4) The legacy. Any time an album faceplants miserably out of the gate and the artist “never recovers”, only for that album to reappraised a masterpiece years later, well, always worth giving that album a bit of time.
5) The songs. They seemed so familiar. I guarantee I’ve never heard any of them before, but they just were connecting with me hard. I founded I wanted to sing along real bad, but unfortunately didn’t know any of the words or any of the melodies. Like that nightmare about being in a play but different.
6) The production. Sounds like the team spent some dough to make this album, but I found the mix incredibly crisp and clear. Every instrument was transparent, and balanced in a way where nothing was overpowered. It enables the ear to really wander around the instrumentation.
So to cut to the chase, today was a wonderful 1001 listen.
Korn is bad for the digestion, both going in and coming out. It doesn’t help that it sounds like Jonathan Davis is singing while sitting on the can. If it was 60 minutes shorter I might give it a charity star because of this tidbit from the Wikipedia: “According to Wright, Robinson went to extreme lengths to agitate Davis in the vocal booth, including punching him in the back repeatedly.”
Call the mandatory minimum 1-star I’m required to select the charity star.
Did Elton John love country music? This album sort of reminds me of country music, if Meatloaf did country music. That there was a time and place where Indian Sunset seemed like an awesome idea is a testament to progress.
All that probably sounds like I didn’t like it.
Funny band who put on a really great show. How to assess something that’s both dirty and harmless?
How to review and rate an album that was pretty good, I liked it fine, but it constantly reminded me of other earlier albums like Cheap Thrills and In-a-gadda-da-vida. It sounded fine, it just wasn’t anything special. It didn’t feel additive.
Sounds like a 3.
ABBA holds an intriguing space in my heart. My folks had ABBA’s Greates Gots on vinyl when I was a child and I was obsessed with this thing. I must have spun it 100 times or more between the ages of 7 and 12. I ever after had a soft spot, but as greatest hit compilations grew in quality and scope, those remained the albums I would pick up on cassette, then CD. So I have curated a huge love for those songs.
But then comes their albums. The hits remain killer, but the rest remain filler. I want to love it all the same, but they are the definition of hot and miss.
I think this is a sweet album, and the hits are almost the best of the best. Still. Padded with filler. But I can’t go lower than 4.
Beatles albums are so f’ck’n awesome. They make it seem like anyone could do it.
One thing it’s nice to think is that an album’s biggest mass hit is kind of the worst song on the album.
When your album cover is this hilarious your star-rating can’t go below 3. Add a few groovy tunes, and you may be on to something.
Always interesting reviewing an album I know very well. I think I’ve owned it in every format since QT made Son of a Preacher Man super-famous in the ‘90s.

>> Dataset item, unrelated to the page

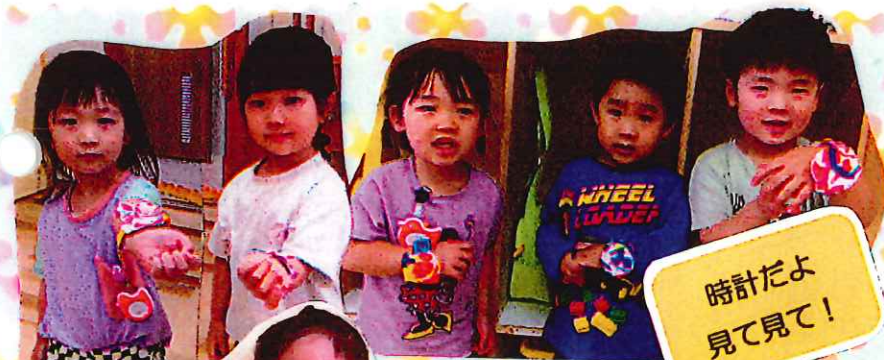
時計だよ 見て見て！

So imagine my utter bamboozlement to learn last night the Dusty Springfield is a Brit! A Brit? Anyways, now I need to recalibrate the last 30 years of my life.
Everyone I hung around with played this album a lot, and I did. It was on the juke box where I worked. Patrons liked to play it. I heard it again and again and again. And again. Metal grunge. Heroin withdrawal depression music. Great time!
A couple years back I swapped 10-track sets with Groupmate using a baffling guideline where we had to pick a single track from one album chosen from every 50 albums in a long bunch of albums. We had to pick songs from albums we’d never listened to and swap the sets unheard or something. I don’t know, and I forget the details, and it’s all too convoluted to even try to explain here, but the sets were both demented.
The song Rattlesnakes was on my set.
This album is a good fun listen. It felt a bit long, and both spins I found myself checking the progress when there were two-three songs left.
I note that on the album cover the words “Contains 4 extra tracks” is written.
All this to say: I was right. It IS too long.
I keep crossing paths with Antony and the Johnsons, a track here and a track there, and the hushed, tremulous style just captures my attention. But I’ve never really felt compelled to listen to an entire album. I just figured it’s a but odd and maybe doesn’t weather an extended sit. Am I ever glad I listened to this one. A beautiful and intriguing spin, with some guest artists who I didn’t see coming, but who worked great.
I want to go listen to it again right now.
Sometimes these old timey rock albums by superstar personalities feel like greatest hits albums, even though they aren’t. All these tracks ultra-familiar from countless sources over the years, never heard within the context of any kind of album. This is like a greatest hits album missing Lucille. Which is actually pretty impressive when you think about it. Except of course, Lucille is missing.
Still, pretty much a banger, performed to the max, even if the substance is on the shallow side.